[Opening Recorded information section]

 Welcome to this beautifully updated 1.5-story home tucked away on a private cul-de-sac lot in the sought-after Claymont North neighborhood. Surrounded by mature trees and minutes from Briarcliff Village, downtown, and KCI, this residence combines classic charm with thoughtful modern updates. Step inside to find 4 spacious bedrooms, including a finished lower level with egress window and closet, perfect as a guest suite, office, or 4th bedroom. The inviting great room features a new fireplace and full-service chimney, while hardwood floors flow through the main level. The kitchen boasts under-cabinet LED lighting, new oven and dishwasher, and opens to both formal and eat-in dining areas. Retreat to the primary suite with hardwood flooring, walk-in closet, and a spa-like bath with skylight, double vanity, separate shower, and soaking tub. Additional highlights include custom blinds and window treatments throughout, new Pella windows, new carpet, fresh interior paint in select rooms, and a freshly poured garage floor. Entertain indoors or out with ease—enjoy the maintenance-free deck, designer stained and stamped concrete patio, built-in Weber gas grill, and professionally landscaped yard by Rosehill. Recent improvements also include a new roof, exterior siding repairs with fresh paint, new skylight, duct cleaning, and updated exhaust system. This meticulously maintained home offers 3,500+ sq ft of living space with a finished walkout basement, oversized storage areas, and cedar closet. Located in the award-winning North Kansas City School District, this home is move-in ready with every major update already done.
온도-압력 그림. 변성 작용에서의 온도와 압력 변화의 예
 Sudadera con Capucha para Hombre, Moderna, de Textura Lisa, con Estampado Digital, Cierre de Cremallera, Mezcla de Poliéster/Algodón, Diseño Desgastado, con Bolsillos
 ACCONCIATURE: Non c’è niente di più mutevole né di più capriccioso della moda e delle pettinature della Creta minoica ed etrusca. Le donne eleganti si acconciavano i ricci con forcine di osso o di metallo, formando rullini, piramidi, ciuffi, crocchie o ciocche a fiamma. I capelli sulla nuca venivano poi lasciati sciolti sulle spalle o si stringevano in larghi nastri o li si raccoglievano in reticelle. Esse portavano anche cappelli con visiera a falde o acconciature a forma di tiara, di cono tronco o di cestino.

[Closing Recorded information section]

Task statement
This exercise calls for an exact reproduction of the material.

Output
 Welcome to this beautifully updated 1.5-story home tucked away on a private cul-de-sac lot in the sought-after Claymont North neighborhood. Surrounded by mature trees and minutes from Briarcliff Village, downtown, and KCI, this residence combines classic charm with thoughtful modern updates. Step inside to find 4 spacious bedrooms, including a finished lower level with egress window and closet, perfect as a guest suite, office, or 4th bedroom. The inviting great room features a new fireplace and full-service chimney, while hardwood floors flow through the main level. The kitchen boasts under-cabinet LED lighting, new oven and dishwasher, and opens to both formal and eat-in dining areas. Retreat to the primary suite with hardwood flooring, walk-in closet, and a spa-like bath with skylight, double vanity, separate shower, and soaking tub. Additional highlights include custom blinds and window treatments throughout, new Pella windows, new carpet, fresh interior paint in select rooms, and a freshly poured garage floor. Entertain indoors or out with ease—enjoy the maintenance-free deck, designer stained and stamped concrete patio, built-in Weber gas grill, and professionally landscaped yard by Rosehill. Recent improvements also include a new roof, exterior siding repairs with fresh paint, new skylight, duct cleaning, and updated exhaust system. This meticulously maintained home offers 3,500+ sq ft of living space with a finished walkout basement, oversized storage areas, and cedar closet. Located in the award-winning North Kansas City School District, this home is move-in ready with every major update already done.
온도-압력 그림. 변성 작용에서의 온도와 압력 변화의 예
 Sudadera con Capucha para Hombre, Moderna, de Textura Lisa, con Estampado Digital, Cierre de Cremallera, Mezcla de Poliéster/Algodón, Diseño Desgastado, con Bolsillos
 ACCONCIATURE: Non c’è niente di più mutevole né di più capriccioso della moda e delle pettinature della Creta minoica ed etrusca. Le donne eleganti si acconciavano i ricci con forcine di osso o di metallo, formando rullini, piramidi, ciuffi, crocchie o ciocche a fiamma. I capelli sulla nuca venivano poi lasciati sciolti sulle spalle o si stringevano in larghi nastri o li si raccoglievano in reticelle. Esse portavano anche cappelli con visiera a falde o acconciature a forma di tiara, di cono tronco o di cestino.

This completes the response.